Another long silence passed.

Tandy said, “Did they ever fight over a girl before?”

“Not that I recall.”

“They’re thirty years old, Claire. They should be grown up by now!”

“Max thinks we’re in a reaping season, that he’s reaping what he sowed by being an absent dad.”

“Well, I’d be the first in line to blame Brett’s dad and, just for good measure, I’d even throw in Big-Hair Bimbo from Bishop as partly responsible.” She referred to her ex-husband and his second wife.

“Your sarcastic tone has lost its sharp edges.”

“Old age. Seriously, I’ve done my own share of sowing seed that wasn’t exactly the best for my kids.”

“Me too. But you know, at some point they need to take responsibility for their own choices. Good, not so good, incredibly stupid like this one.”

“Figuring out how to let them go is like dancing to music I can’t hear. The radio signal is blocked or something.”

The bedcovers rustled as Brett stirred.

Tandy said, “Is he humming?”

Brett chuckled. “The Byrds.”

They hurried to his side. Claire’s stomach ached at the sight of his eyes swollen shut and the bright white bandage across his nose.

He murmured, “‘Turn! Turn! Turn!’ 1965.”

Tandy touched his shoulder. “‘To Everything There Is a Season.’ Pete Seeger, 1962, before the Byrds. And before that it was in Ecclesiastes, you knucklehead.”

A corner of his mouth went up and down. “Tell Erik I’m sorry.”

“Tell him yourself tomorrow. He’s just down the hall.”

“Mm-hmm.” He quickly dozed off again.

“Claire.” A tear trickled down Tandy’s cheek. “How do we let them reap their own stuff when they look like this?”

Claire put an arm around Tandy’s shoulders. “By spending a whole lot of time on our knees.”

“You sound more like Indio every day.”

“Yeah. I figure it’s about time I grew up too.” She wrapped her other arm around Tandy and, on impulse, began to pray aloud, a thing she had never done before with her friend.

A new peace filled her.
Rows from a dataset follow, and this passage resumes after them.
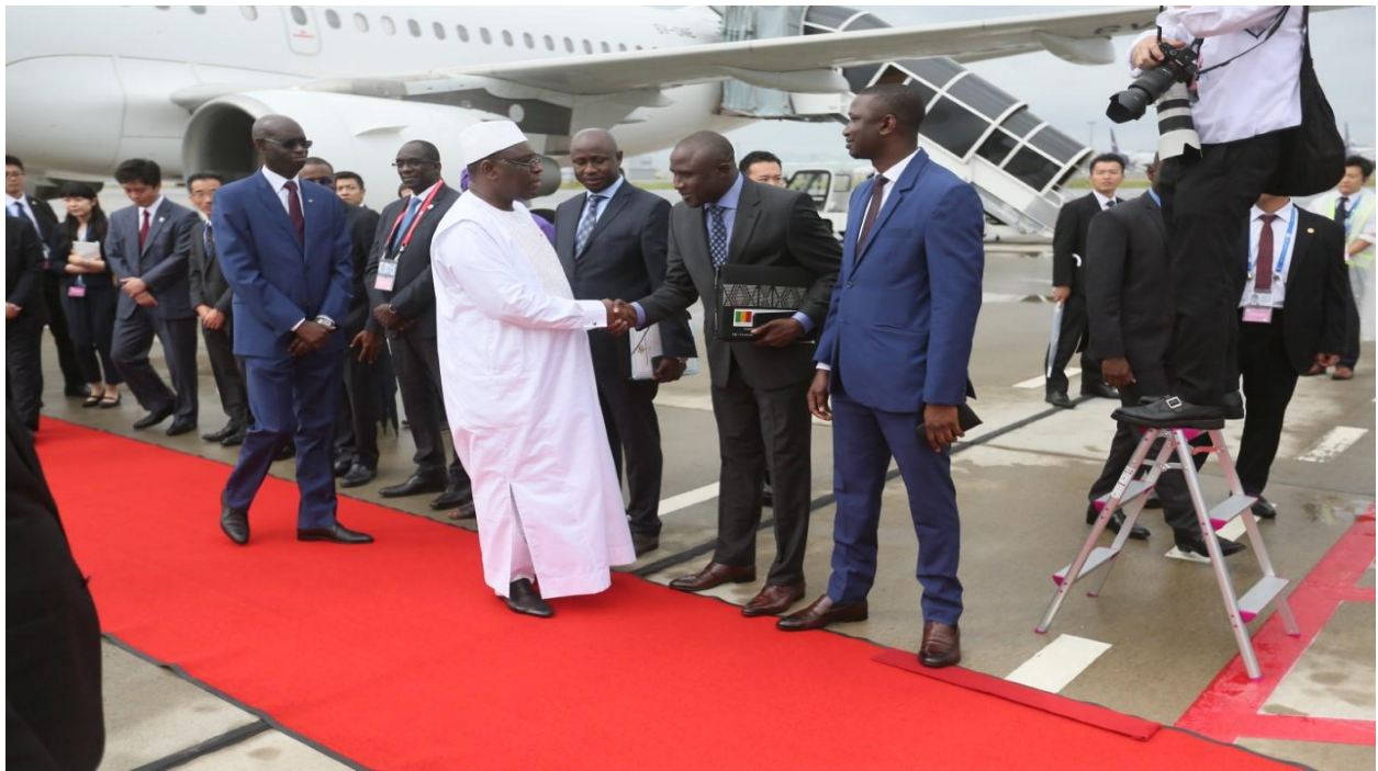
LE PRÉSIDENT SALL, ET L'AMBASSADEUR CISS, AVEC LA DÉLÉGATION SÉNÉGALAISE
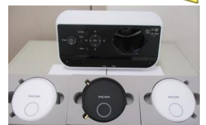
超短焦点 プロジェクター
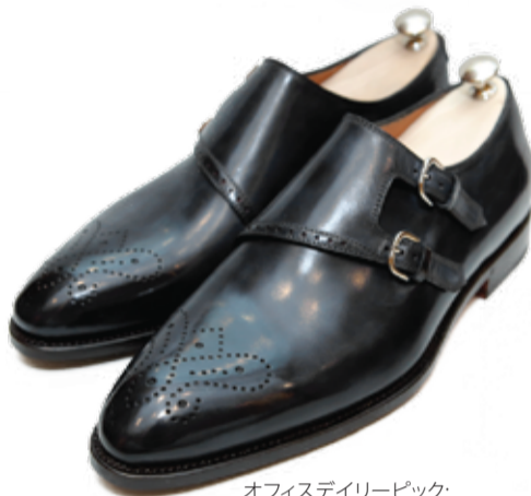
オフィスデイリーピック: De La Ville by Bontoni
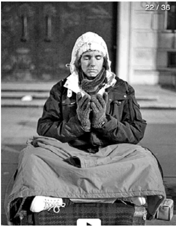
■ 菲尔·歌勒拍摄的法轮功学员

菲尔·歌勒是一位住在伦敦的法国摄影师。今年 3 月 6 日至 7 日，他连续 24 小时跟踪拍摄了当日在领馆前的六位法轮功学员，每小时照一张。最后他把这二十四张照片收

A new certainty took up residence in her heart: God was with them in all their sowing and reaping. Yes, they had to gather weeds with the flowers. As her father-in-law said, though, God could do amazing things with weeds.

And, as her mother-in-law said, God was good.

Hallelujah.

  
Twenty-Eight

R
osie sat with Bobby in the lieutenant’s office.
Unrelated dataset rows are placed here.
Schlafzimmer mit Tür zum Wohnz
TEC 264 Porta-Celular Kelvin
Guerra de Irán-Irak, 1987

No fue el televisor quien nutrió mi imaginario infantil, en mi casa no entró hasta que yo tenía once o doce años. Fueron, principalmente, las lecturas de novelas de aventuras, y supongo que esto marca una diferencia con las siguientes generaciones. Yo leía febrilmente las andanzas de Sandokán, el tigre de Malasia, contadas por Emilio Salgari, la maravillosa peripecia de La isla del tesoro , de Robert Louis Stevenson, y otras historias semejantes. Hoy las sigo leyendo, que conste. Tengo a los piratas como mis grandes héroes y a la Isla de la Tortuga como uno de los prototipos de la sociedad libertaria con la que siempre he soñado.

Behind his desk, their boss hung up the phone and grinned. Davis was a fit-and-trim, no-nonsense guy with a full head of black hair turning to silver. At the moment, he let his grandfatherly demeanor come out to play. “Okay, now it’s official: Beaumont’s fine. Cheer up, Rosie. There’s nothing to worry about.”

“I shot him.”

“The Padres are going to thank you for saving their first baseman from further injury.”

“I should have—”

“Put a lid on it. The guy had a gun.”

“A toy gun!”

He glared. “Beaumont pointed a gun at you. You told him to drop it. He didn’t. And there’s more.” He paused, his glare softened. “I just found out his blood alcohol content was high, but not by much. Here’s the thing though: they found PCP in his system. He had no idea what he was doing, not a clue. The lab guy is surprised one bullet stopped him.”

Bobby whistled. “Me too.”

Erik Beaumont on drugs? She found no space to file that information in her mind. It would explain his violence that didn’t make sense either.
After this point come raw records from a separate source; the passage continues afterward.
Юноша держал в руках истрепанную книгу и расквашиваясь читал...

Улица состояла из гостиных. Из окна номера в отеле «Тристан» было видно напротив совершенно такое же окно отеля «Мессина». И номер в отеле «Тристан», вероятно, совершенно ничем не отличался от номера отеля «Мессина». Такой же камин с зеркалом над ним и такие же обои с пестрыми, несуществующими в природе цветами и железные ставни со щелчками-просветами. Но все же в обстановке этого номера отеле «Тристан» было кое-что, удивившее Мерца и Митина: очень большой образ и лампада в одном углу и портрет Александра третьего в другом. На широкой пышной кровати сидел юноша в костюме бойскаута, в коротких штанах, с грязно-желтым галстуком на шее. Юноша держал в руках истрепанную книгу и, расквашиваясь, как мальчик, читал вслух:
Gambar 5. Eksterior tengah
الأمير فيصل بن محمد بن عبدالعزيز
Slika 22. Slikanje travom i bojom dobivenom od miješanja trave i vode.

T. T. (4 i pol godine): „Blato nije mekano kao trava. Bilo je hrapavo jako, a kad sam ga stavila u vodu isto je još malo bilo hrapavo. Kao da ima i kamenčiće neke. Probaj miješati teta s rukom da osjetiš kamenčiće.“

“So,” Davis said, “take some time and get over it. I want you back on the street ASAP. Your mandatory suspension won’t last long. As far as I’m concerned, the investigation is over.” He pushed back his chair and walked around the desk. “I’m going home. It’s Saturday. That means pancakes with my wife followed by the grandkids’ soccer games.”